Our Scout Shop Manager, Ali Mohammad found this great blog  article about the full uniform in the Monthly blog on behalfof the Orange County Council Commissioner

1981 uniformThose of us who grew up in Scouting all have vivid memories of special moments. One of my most memorable times was when my Scout leader, Dr. John Richardson, explained to me, a young teenager who was prone toward sloppiness in my uniform, “There’s only one way a uniform looks good: when it’s perfect.” Those words still resonate with me today, and I share them with my son’s patrol all the time. For me, they inspired pride in a symbol of the Scouting movement I enjoy so much. Other Scouts, too, responded similarly to Dr. Richardson’s admonition.

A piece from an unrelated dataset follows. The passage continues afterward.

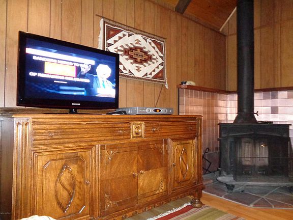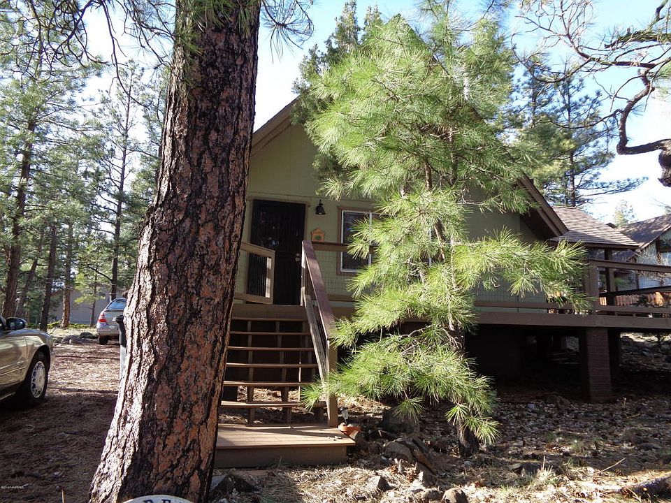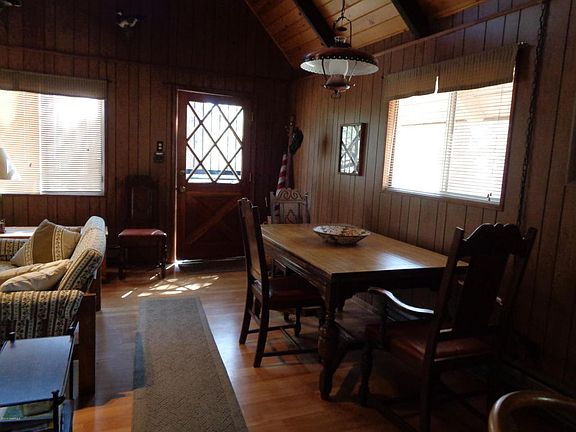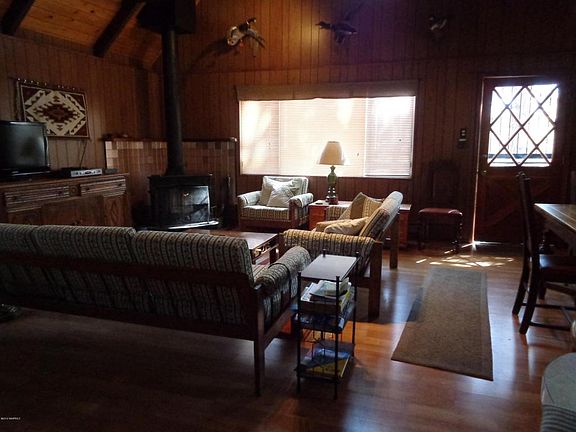 Great cabin in the woods that sits in the center of 3 lots of pristine Ponderosa pine forest in Pinewood Country Club. Two bedrooms on main floor with a sleeping loft upstairs for 4. Large front deck and covered side deck allows for outdoor entertaining. Wood burning stove for enjoyable evening fires. Master bedroom has queen, second bedroom has twin beds, upstairs sleeps 4. NO SMOKING INSIDE HOME. AVAILABLE MAY, JUNE, JULY, SEPT, OCT.

Today, when I see Scouts wearing just part of a uniform, perhaps missing proper pants or leaving a shirt untucked, I first have to remember that many boys are not always detail-oriented in their appearance (I wasn’t). But when I see a pattern of it across most members of a pack or troop, it’s usually because the unit doesn’t require a full uniform, and that leaves me wondering what message its leaders are sending to the boys.

Scout-Uniform-InspectionYou would never expect to join soccer and wear just part of the uniform. That would be not taking the program seriously. That would be letting your team down. The very same is true for Scouting. Those who are told that they just need a Scout shirt, or that wearing a uniform is optional are likely to take their commitment to Scouting, and its values, much more casually.

Should we treat the impact that Scouting can have in a young man’s life casually? If not, then why would we do so with the uniform?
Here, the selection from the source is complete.